## TASK DETAILS
Using the data below, print exactly the line with "FIR-tech hut med", the line with "The program will", and every line between them, but none of the pictures.

********

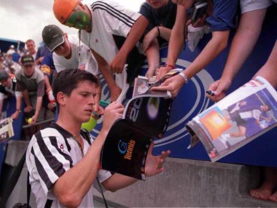 Tim Henman of Great Britain signs autographs after his match against Rainer Schuttler of Germany. Henman defeated Schuttler 6-2, 4-1 after Schuttler retired hurt. NEXT BACK Clive Brunskill /ALLSPORT |
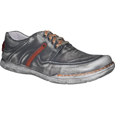 Pánská kožená vycházková obuv má svršek v černošedém odstínu doplněný drobnými detaily v červené barvě a potiskem na vnější straně. Část svršku má na vnější i vnitřní straně ražený povrch. Komfort a pohodlí poskytne měkká kožená stélka i podšívka a flexibilní podešev....
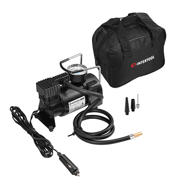 Компресор автомобільний 12 В, 14 А, циліндр 30 мм, макс. 7 бар, шланг 1 м, кабель живлення 3 м
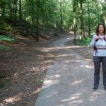 Na dit gedeelte kom je in de bossen terecht van het Drents-Friese Wold. We zoeken eerst een bankje om de broodjes voor de lunch te eten. We willen er eentje met rugleuning en daar is de app Alle Bankjes weer behulpzaam bij. Prima app! Verderop passeren we een plek waar in 1943 een Canadese bommenwerper werd neergeschoten. Alle 7 bemanningsleden (tussen 18 en 22 jaar oud) kwamen om het leven.
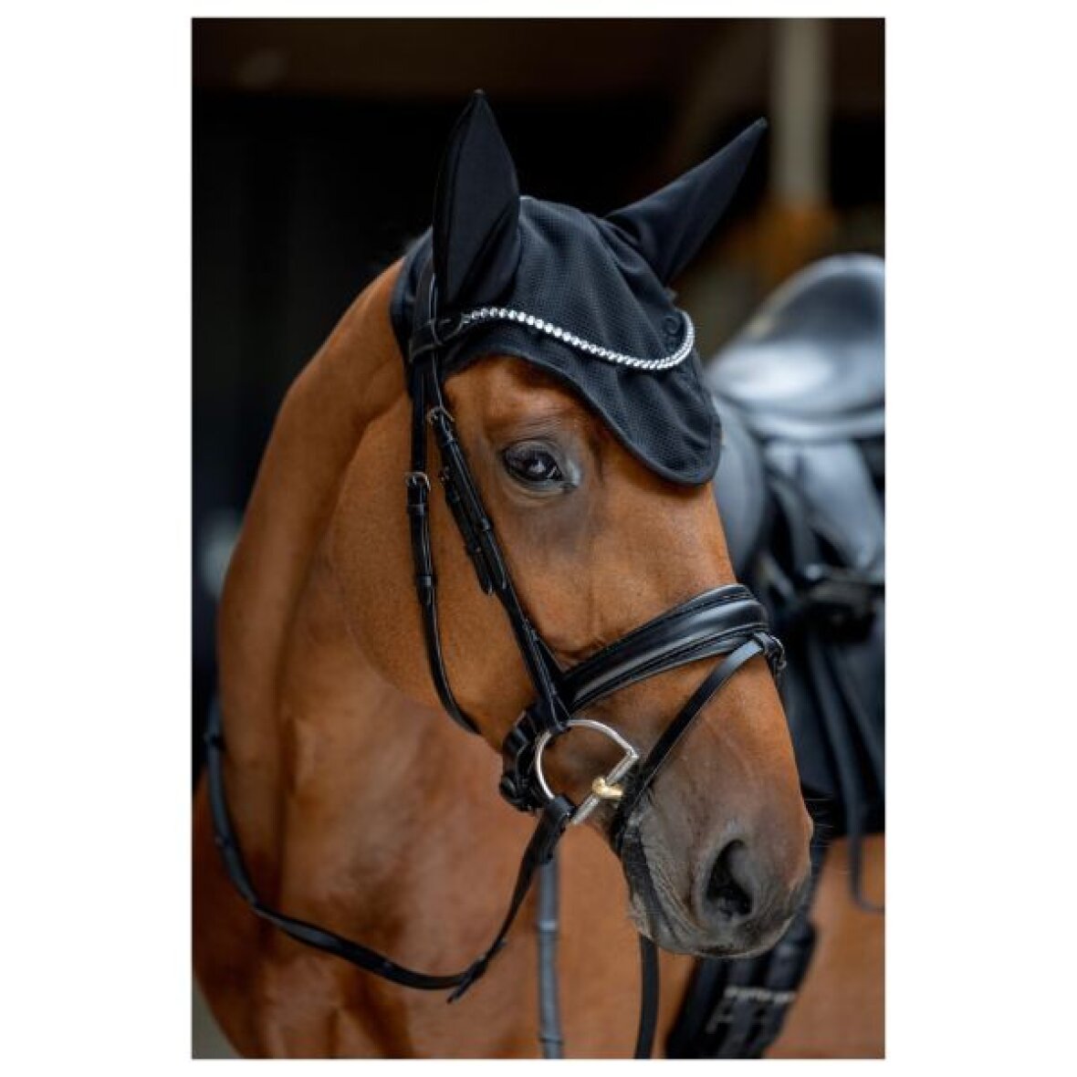 FIR-tech hut med lyddæmpende øre fra Catago. Indermaterialet i FIR-tech indeholder indvævede keramiske partikler, der sørger for at løsne spændinger i nakken, samt øge blodcirkulationen. De lyddæmpende øre har en beroligende effekt på hesten. Tone-i-tone broderet logo på den ene side i fronten.
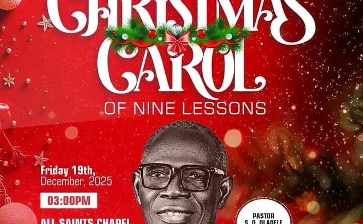 The program will take place on Friday, December 19, 2025, beginning at 3:00 PM, at the All Saints Chapel, CAC General Secretariat, Anlugbua, Basorun, Ibadan.
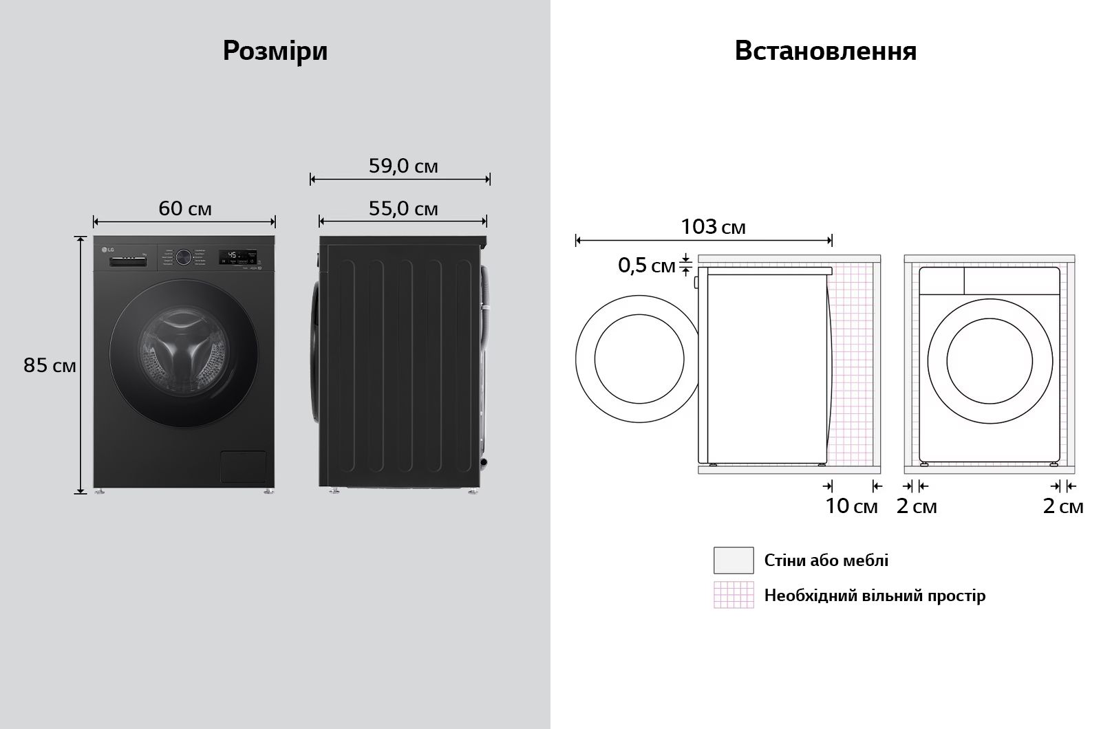 Особливості:індикатор залишкового часу, Функція прання парою Steam™, Технологія ''6 рухів турботи'' 6 Motion, Система зменшення рівня вібрації, Система контролю піноутворення, Технологія контролю напруги (174-400 В), Блокування панелі керування від дітей, індикатор етапу циклу прання, індикація обраних параметрів програми прання, індикація незачинених дверцят, індикація помилок у роботі, затримка завершення циклу прання (3-19 годин), автоматичний перезапуск зі збереженням попередніх налаштувань, відкриття дверей: праворуч, індикація режиму "Відкласти завершення", індикація режиму "Блокування від дітей", індикація режму "Віддалений старт", Завантаження додаткових програм через додаток LG ThinQ™ по Wi-Fi, загартоване скло дверцят, Можливість завантажити додаткові програми прання, що завантажуються через додаток LG ThinQ, Віддалене керування через додаток LG ThinQ по Wi-Fi
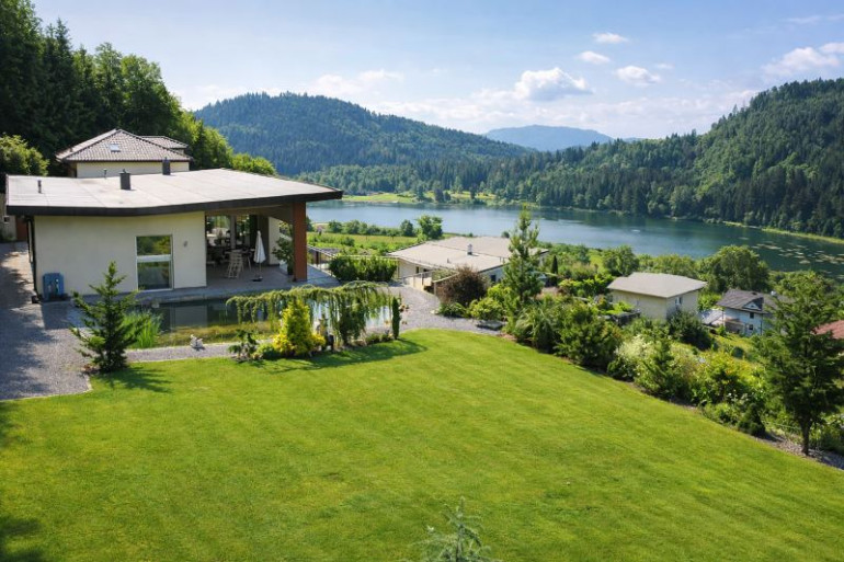 Moderne Seeblick-Villa mit Schwimmteich in Bestlage am St. Urbaner See
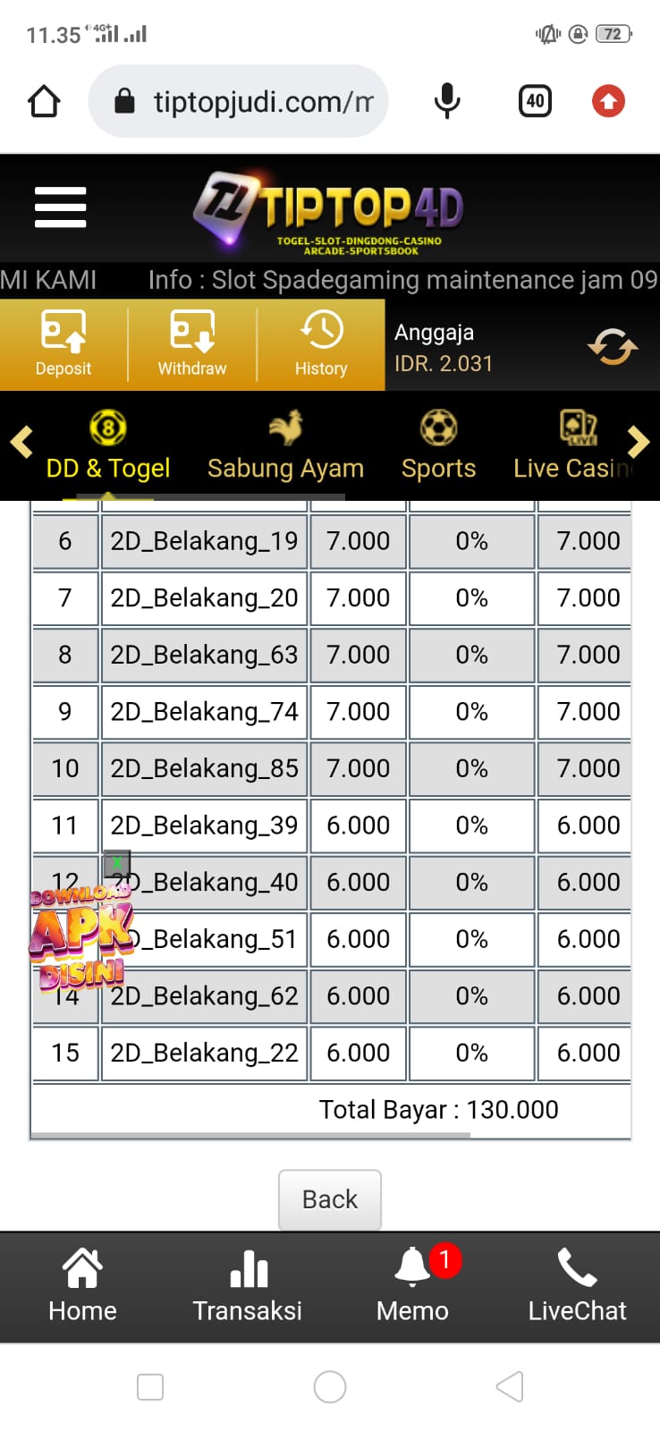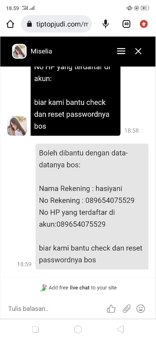 37. Bang saya mau buat laporan.kemenangan saya nggak dibayar sama TIPTOP4D, di chating di livechat langsung ditutup mohon bantuannya Bang
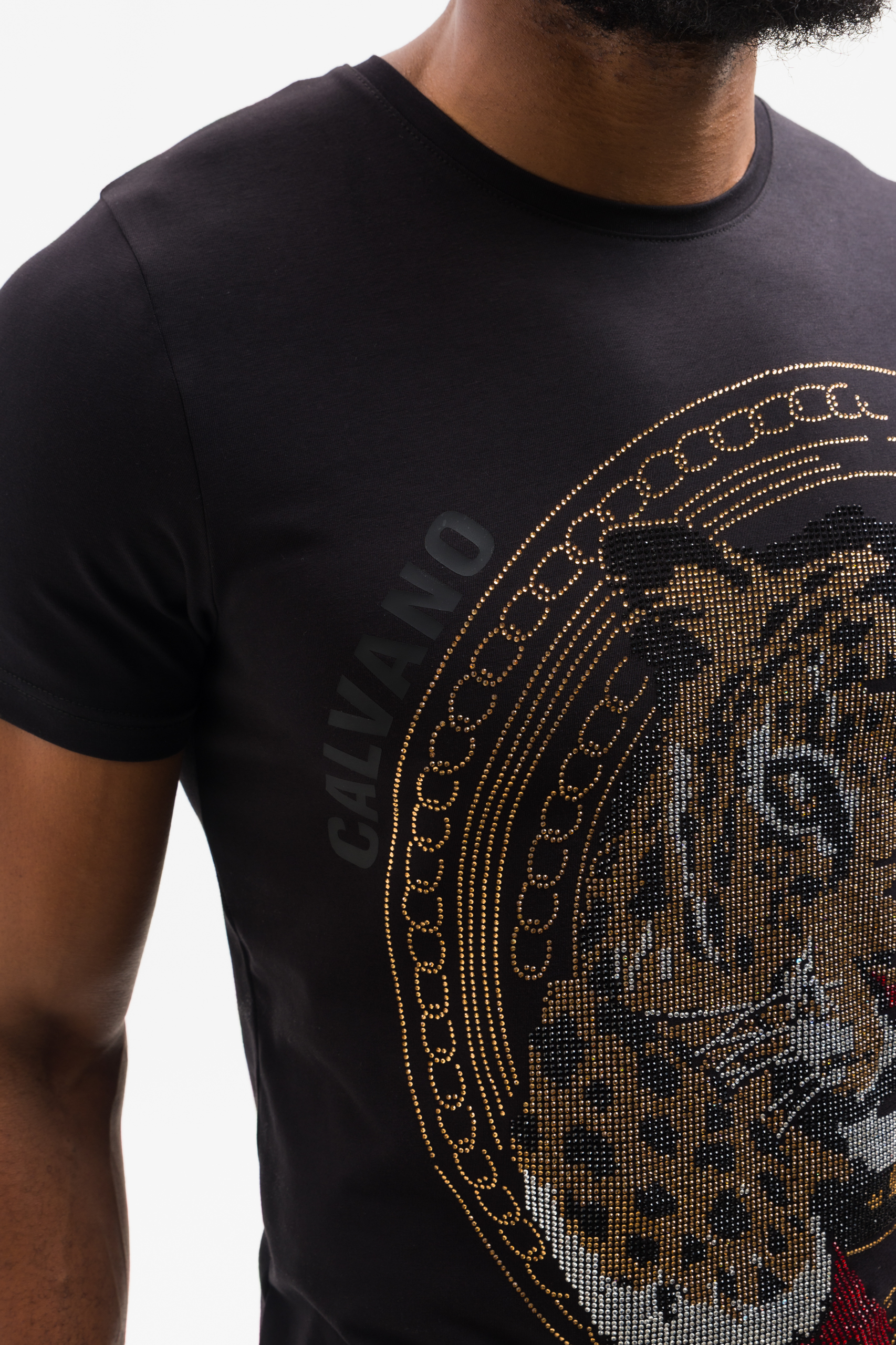 Focus Keyword: men’s black embellished leopard graphic t-shirt

********

## RESPONSE BOX
 FIR-tech hut med lyddæmpende øre fra Catago. Indermaterialet i FIR-tech indeholder indvævede keramiske partikler, der sørger for at løsne spændinger i nakken, samt øge blodcirkulationen. De lyddæmpende øre har en beroligende effekt på hesten. Tone-i-tone broderet logo på den ene side i fronten.
 The program will take place on Friday, December 19, 2025, beginning at 3:00 PM, at the All Saints Chapel, CAC General Secretariat, Anlugbua, Basorun, Ibadan.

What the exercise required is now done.